BEGIN Material supplied

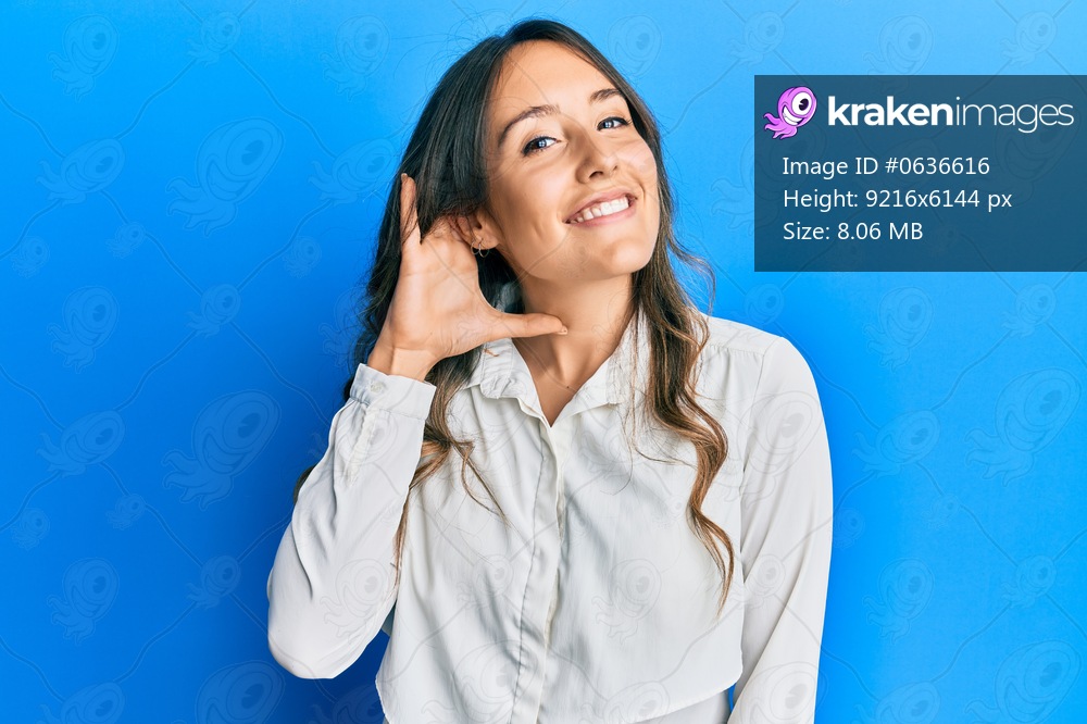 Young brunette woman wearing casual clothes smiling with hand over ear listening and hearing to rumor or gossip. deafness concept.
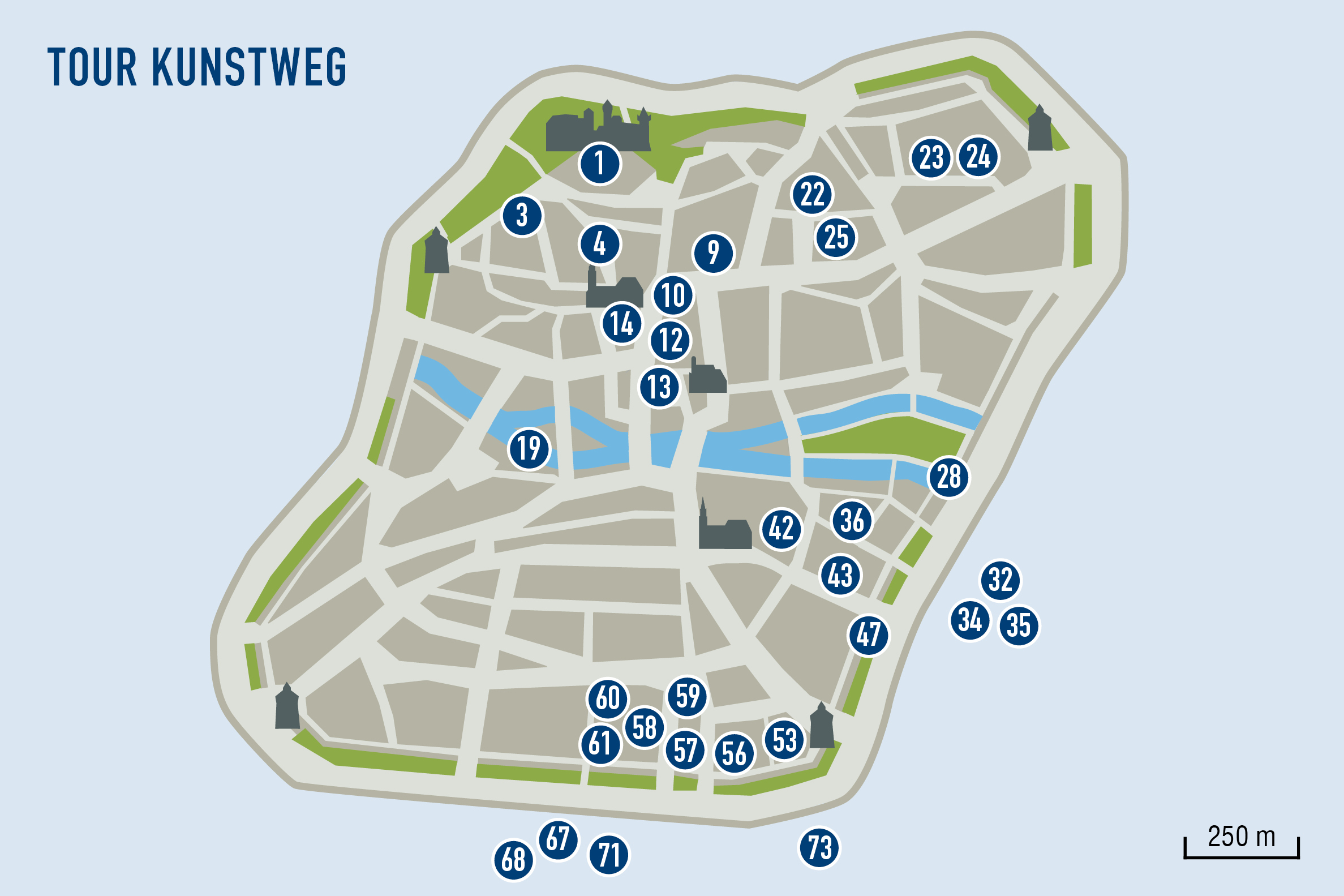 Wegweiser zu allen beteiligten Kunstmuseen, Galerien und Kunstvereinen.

END Material supplied
BEGIN Material supplied

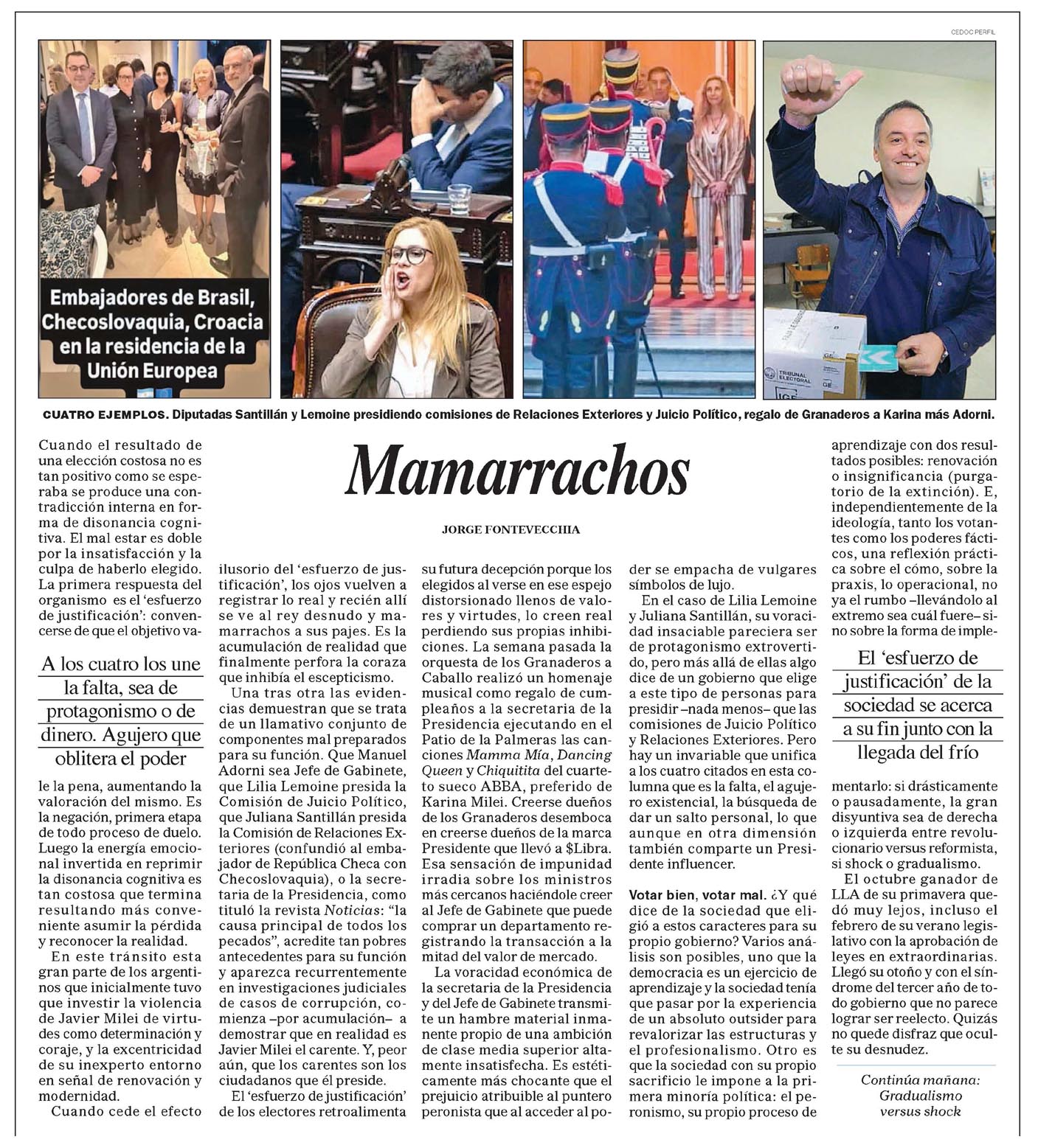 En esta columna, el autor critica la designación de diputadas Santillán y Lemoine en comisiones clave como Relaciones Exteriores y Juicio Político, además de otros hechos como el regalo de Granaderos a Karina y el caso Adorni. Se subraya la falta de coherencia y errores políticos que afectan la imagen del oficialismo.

END Material supplied
BEGIN Material supplied

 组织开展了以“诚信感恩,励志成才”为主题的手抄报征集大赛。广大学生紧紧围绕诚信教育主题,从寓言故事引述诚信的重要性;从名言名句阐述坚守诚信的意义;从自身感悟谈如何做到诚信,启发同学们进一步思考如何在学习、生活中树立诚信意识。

END Material supplied

> _Your objective_:
In the listing above, find the line holding "Young brunette woman" and the line holding "Wegweiser zu allen". Reproduce those two lines and all between them exactly, leaving out pictures.

> _Solution for this problem_:
 Young brunette woman wearing casual clothes smiling with hand over ear listening and hearing to rumor or gossip. deafness concept.
 Wegweiser zu allen beteiligten Kunstmuseen, Galerien und Kunstvereinen.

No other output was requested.